Told through the eyes of unreliable narrator Eliza, Fury is not a typical whodunnit. Upfront we know the culprit behind the murder is Eliza herself.
“My name is Eliza Boans, and I am a murder.
I know. It’s pretty shocking, huh?”
Eliza’s opening lines feeds the reader many questions.
Who’s been murdered? Why? How?
More importantly, why is Eliza so flippant about her murdering status?
[Image Description: Rotto, a black and tan dog is sitting next to a green fairy mushroom which is displaying a copy of Fury by Shirley Marr.]
Told in flashbacks with snippets of information Eliza gradually reveals the answers — after a fashion, and in her own style.
The characters in Fury are flawed and display unthinkable behaviour — it’s one of the factors that makes Fury so compelling and hard to put down.
Rotto thought Fury was a fabulous read, well-deserving of the top ranking — 4 paws 🐾🐾
Chilli needs to take a life-lesson from Eliza and learn to confess her crimes. The 4 Paws photo shoot was ready to roll when I discovered the mask all chewed up in Chilli’s bed. Chilli, of course, tried to blame Rotto.
[Image Description: Cover of Fury (cover depicts a side shot of a women in a mask) next to mangled and chewed up butterfly mask.]
Favourite Quote: “New Me wants to say, So do you have verbal diarrhoea or are you just unbelievably rude? But the force is strong in Old Me. A lifetime of habit is hard to break. I hide behind my hair.”
Sensitive by Allayne L. Webster covers the highs and lows of being a teen different to the norm. A teen who doesn’t quite fit the mould of a popular or pretty girl.
After relocating to a South Australian country town, SJ wants to reinvent herself. She’s determined to make new friends without her eczema joining the conversation.

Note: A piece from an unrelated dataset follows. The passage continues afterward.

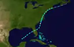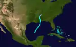 The Atlantic hurricane database begins the track for this system as a tropical storm about 140 mi (230 km) north of the Yucatán Peninsula early on October 22. Intensifying slightly as it moved northeastward across the Gulf of Mexico, the storm reached winds of 60 mph (95 km/h) prior to making landfall near Clearwater, Florida, around 08:00 UTC on October 23. About 10 hours later, the cyclone emerged into the Atlantic just north of Cape Canaveral and then curved north-northeastward. After briefly reaching hurricane intensity on October 24, the system made landfall near Topsail Beach, North Carolina, early on October 25 with winds of 60 mph (95 km/h). The storm then moved north-northeastward to northeastward across the Northeastern United States before emerging into the Gulf of Maine on October 27 and becoming extratropical. The extratropical system then dissipated just offshore Nova Scotia on the following day.[5]
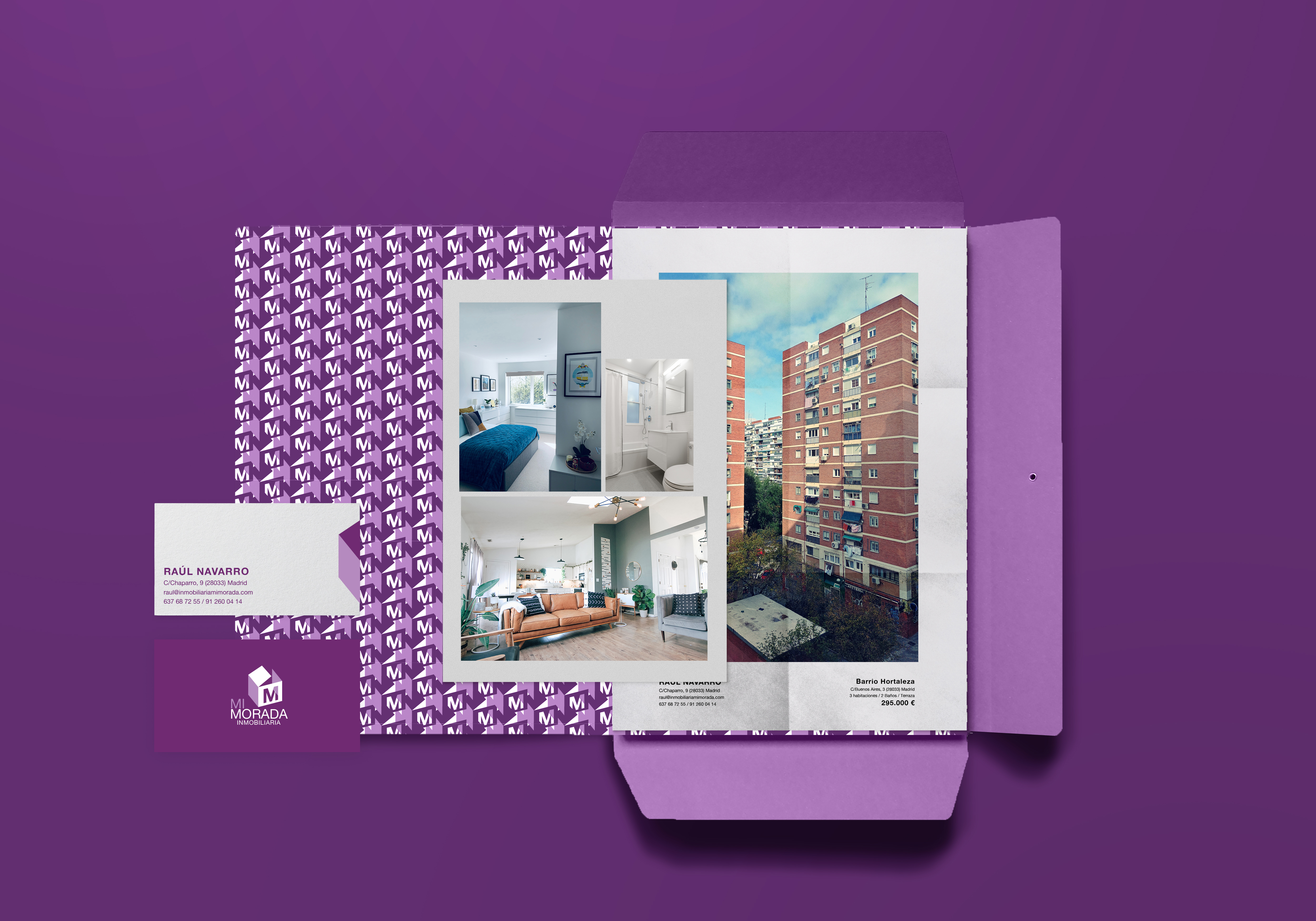 Mi morada es una inmobiliaria del barrio madrileño de Hortaleza que está enfocada en un público joven que busca alquilar o comprar su primera vivienda. Conscientes del complejo mercado inmobiliario se posicionan como una alternativa ética.El proyecto tenía un espíritu y una actitud muy claros, solo necesitaban una identidad visual para transmitirlos y en ese sentido tuve la suerte de proporcionarla.

“For once, I’m going to know how it feels to be beautiful – just like normal girls.”
Much of SJ’s emotional journey was relatable to me.
There is common ground that many people who are disabled/chronically ill share. This common ground includes the internal dialogue: a desire to fit in and be ‘normal’, rebellion against the medicine regime and medical professionals, questions over fairness.
Another section of common ground is external: shaped by the expectations and behaviour of society — taunts and comments along with questions and well-meaning but utterly unhelpful advice — not to mention the questions that arise if your behaviour pattern doesn’t fit with how others perceive disability/chronic illness.
[Image Description: The cover of Sensitive by Allayne L. Webster. On the bottom there are three eggs, along with a pot of cream.]
is not an authentic read by chance. Allayne drew upon her own experiences with chronic atopic eczema and life-threatening allergies. Not only are the emotions that SJ shares with the reader authentic, Sensitive
contains medical accuracy based on experience.
It’s an authenticity that speaks volumes on the importance of #ownvoices
Sensitive is a powerful read, and I highly recommend it.
Book Review by Chilli AKA The Red Stealer & Rotto the RottStar (occasionally known as Rotto the Rotten)
Chilli is channeling her very best Mia Corvere and giving Rotto her best stink eye as she doesn’t believe he’s doing a good job at playing Mister Kindly.
Rotto says how much more not-cat could he be given he’s not a cat? And although he won’t consent to hanging about on Chilli’s shoulders he’ll happily curl up around Nevernight any day.
[Image Description: Left Chilli, a red heeler is wearing a long black wig and smiling. Top Right, Chilli in her wig is glaring at Rotto, a black and tan staffy kelpie cross – A copy of Nevernight is between them. Bottom Right, Rotto is curled around a copy of Nevernight]
Despite the not-cat 🐱saga, both Chilli and Rotto give 4 paws 🐾🐾to the entire Nevernight Chronicles
for the smut, murder, political shenanigans* and overall awesomeness.
*and the glorious footnotes – who doesn’t love a novel with footnotes? The only thing better than footnotes, is when the footnotes take the piss out of the footnotes.